__Description of the task__
Exclude images, then output the remaining data verbatim.

__Recorded data__
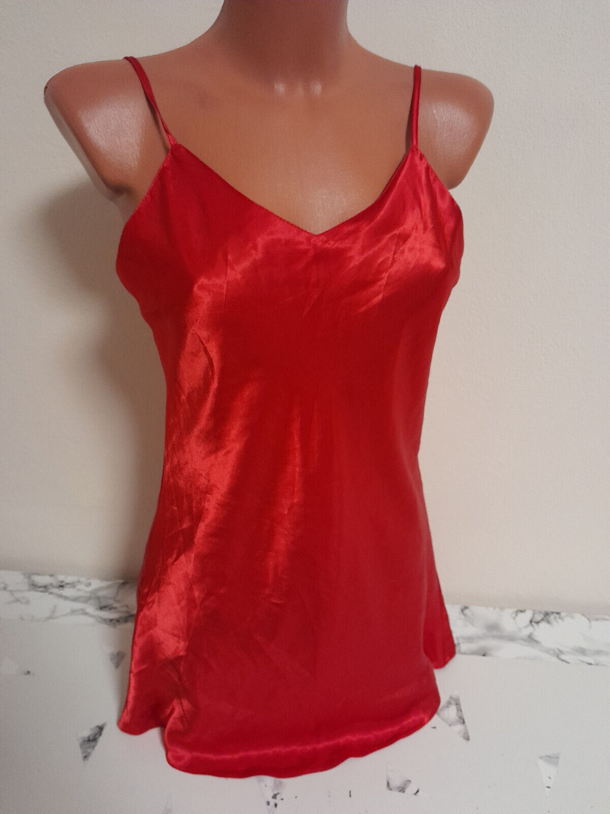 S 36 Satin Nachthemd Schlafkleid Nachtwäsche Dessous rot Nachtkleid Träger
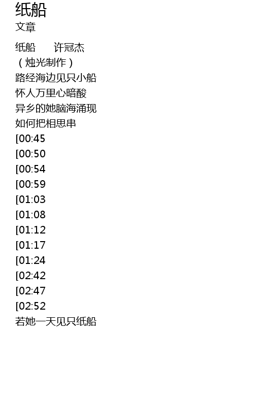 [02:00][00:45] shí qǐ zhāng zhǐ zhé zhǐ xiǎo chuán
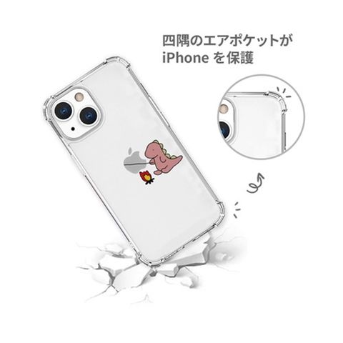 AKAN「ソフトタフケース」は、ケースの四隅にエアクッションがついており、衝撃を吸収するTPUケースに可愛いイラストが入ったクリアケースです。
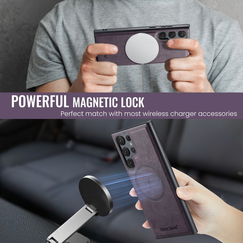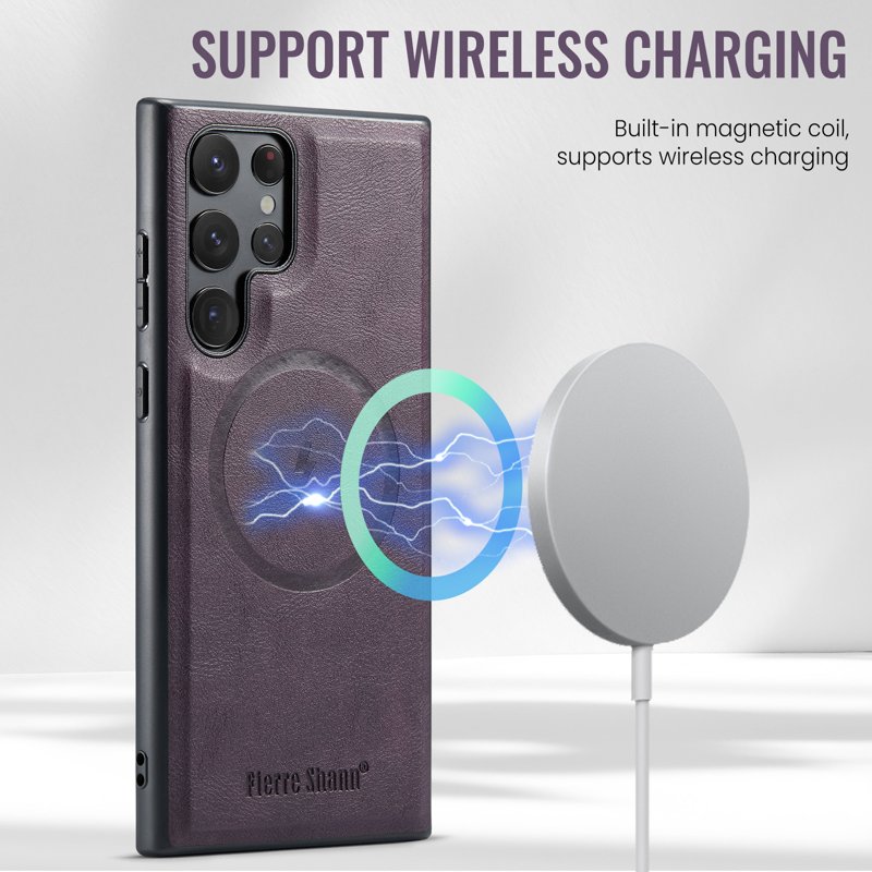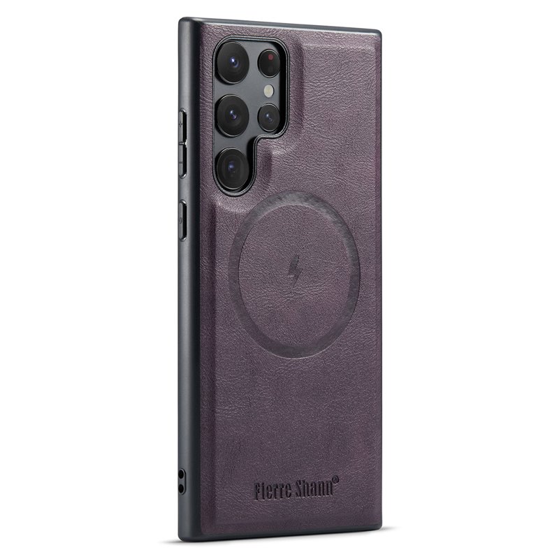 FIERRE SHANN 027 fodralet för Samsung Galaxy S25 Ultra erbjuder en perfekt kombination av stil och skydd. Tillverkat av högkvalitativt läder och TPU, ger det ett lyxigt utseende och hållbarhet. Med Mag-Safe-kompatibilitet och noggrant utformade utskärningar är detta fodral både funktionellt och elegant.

__Result of the task__
 S 36 Satin Nachthemd Schlafkleid Nachtwäsche Dessous rot Nachtkleid Träger
 [02:00][00:45] shí qǐ zhāng zhǐ zhé zhǐ xiǎo chuán
 AKAN「ソフトタフケース」は、ケースの四隅にエアクッションがついており、衝撃を吸収するTPUケースに可愛いイラストが入ったクリアケースです。
 FIERRE SHANN 027 fodralet för Samsung Galaxy S25 Ultra erbjuder en perfekt kombination av stil och skydd. Tillverkat av högkvalitativt läder och TPU, ger det ett lyxigt utseende och hållbarhet. Med Mag-Safe-kompatibilitet och noggrant utformade utskärningar är detta fodral både funktionellt och elegant.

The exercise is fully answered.